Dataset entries
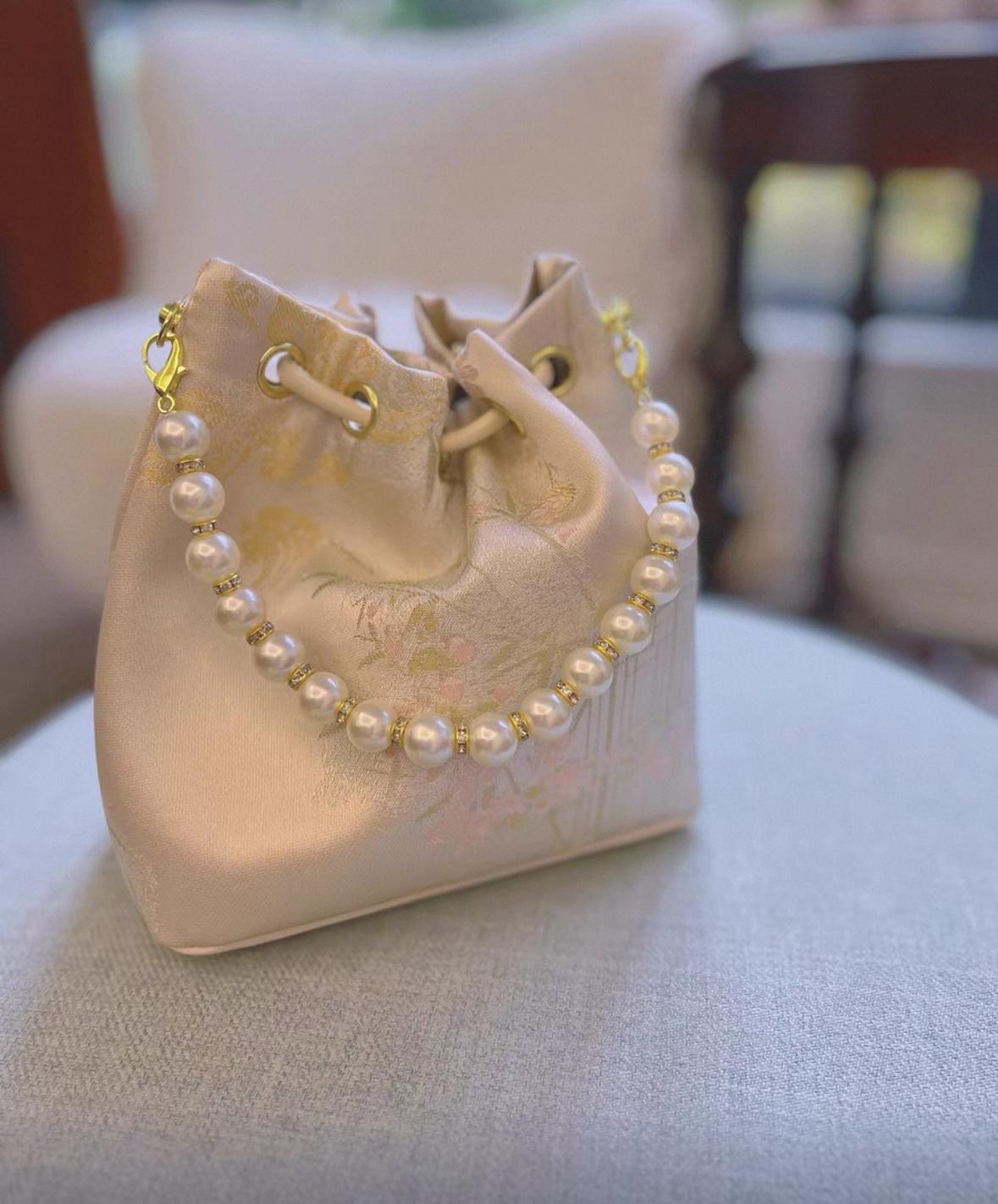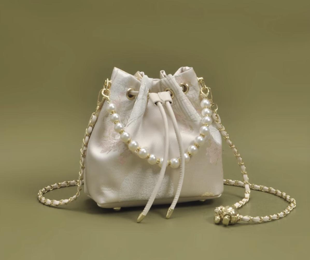pearl-handle bucket bag / brocade drawstring / wedding & banquet / crossbody option / gift-ready accessory
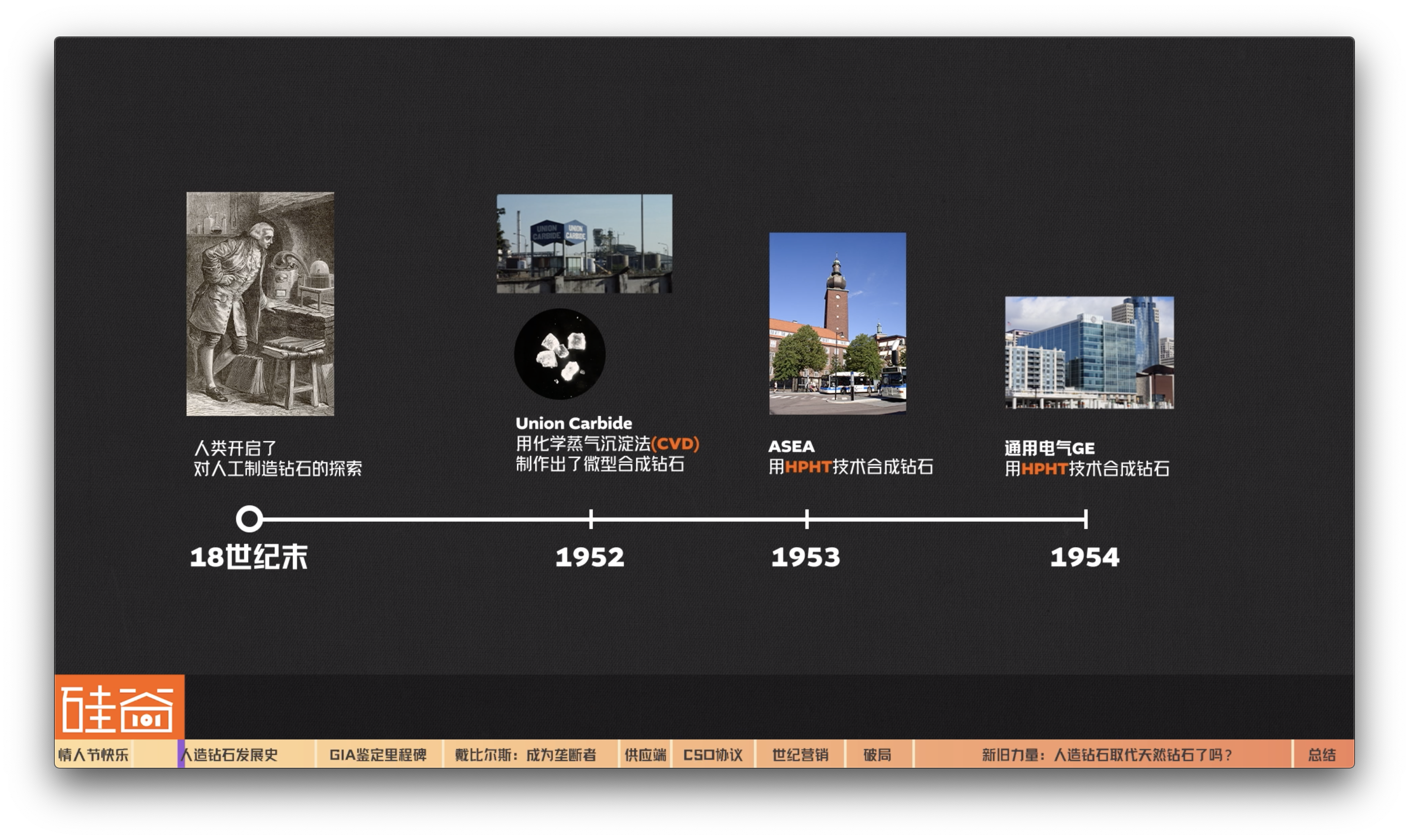 而从此之后,人类开启了对人工制造钻石的探索。而这一探索,就是上百年。直到20世纪50年代,突然有了第一次的技术突破。
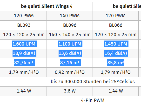 Silent Wings 4 haben also ne höhere Drehzahl, höhere Lautstärke und trotzdem weniger Luftdurchsatz? Warum genau sollte ich die kaufen? Oder sind hier die Daten vertauscht?
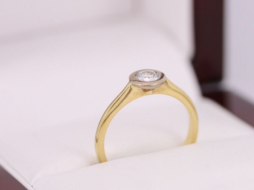Here for sale we have this magnificent ladies solitaire ring, the brilliant cut diamond weighing approx 0.20cts collet set on an 18ct yellow gold shank.
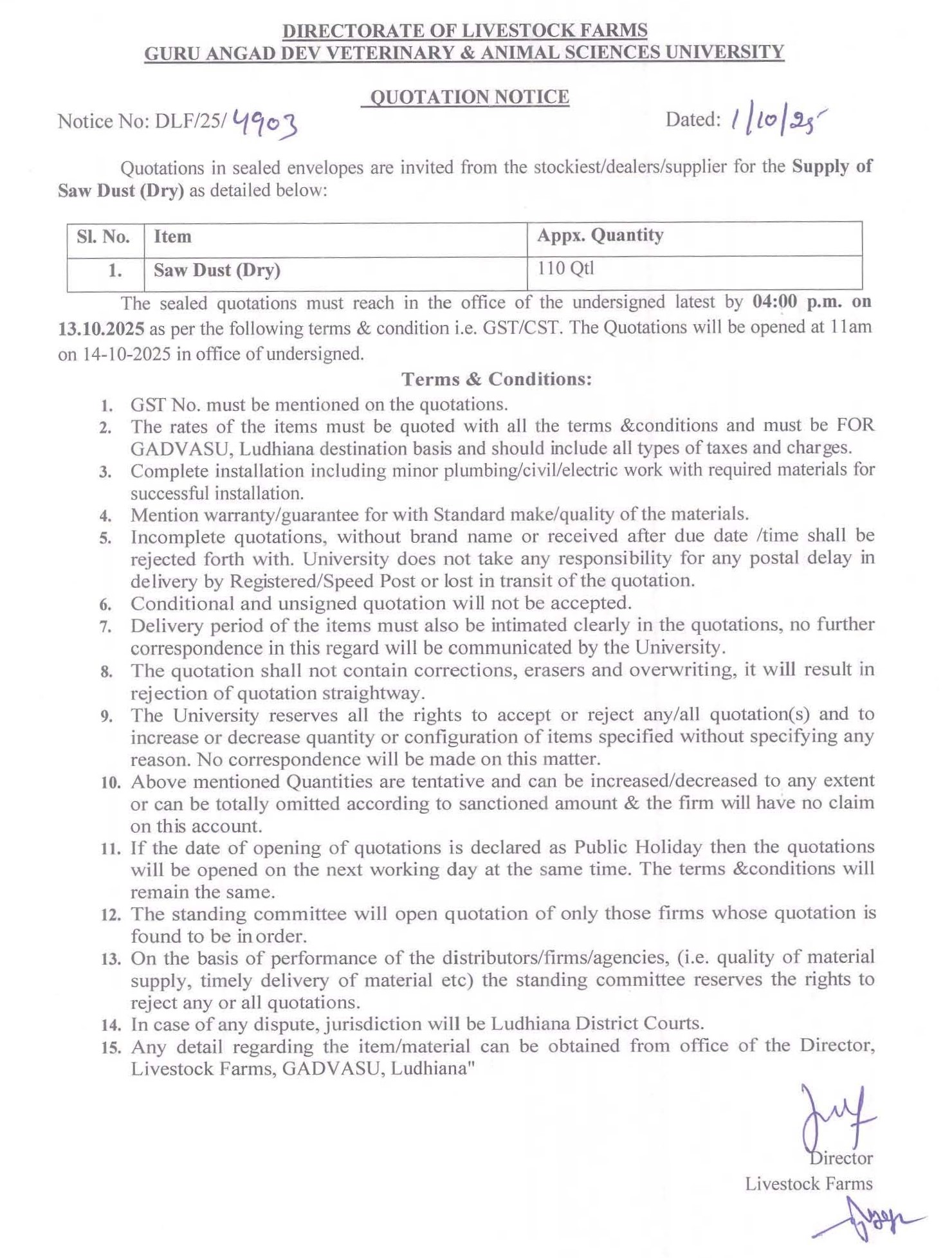 Quotation notice for the supply of Saw Dust (Dry), Director, Directorate of Livestock Farms, Guru Angad Dev Veterinary & Animal Sciences University, Ludhiana

## YOUR GOAL
None of the pictures should be copied, but every record above must be restated in full.

## EXERCISE RESPONSE
pearl-handle bucket bag / brocade drawstring / wedding & banquet / crossbody option / gift-ready accessory
 而从此之后,人类开启了对人工制造钻石的探索。而这一探索,就是上百年。直到20世纪50年代,突然有了第一次的技术突破。
 Silent Wings 4 haben also ne höhere Drehzahl, höhere Lautstärke und trotzdem weniger Luftdurchsatz? Warum genau sollte ich die kaufen? Oder sind hier die Daten vertauscht?
Here for sale we have this magnificent ladies solitaire ring, the brilliant cut diamond weighing approx 0.20cts collet set on an 18ct yellow gold shank.
 Quotation notice for the supply of Saw Dust (Dry), Director, Directorate of Livestock Farms, Guru Angad Dev Veterinary & Animal Sciences University, Ludhiana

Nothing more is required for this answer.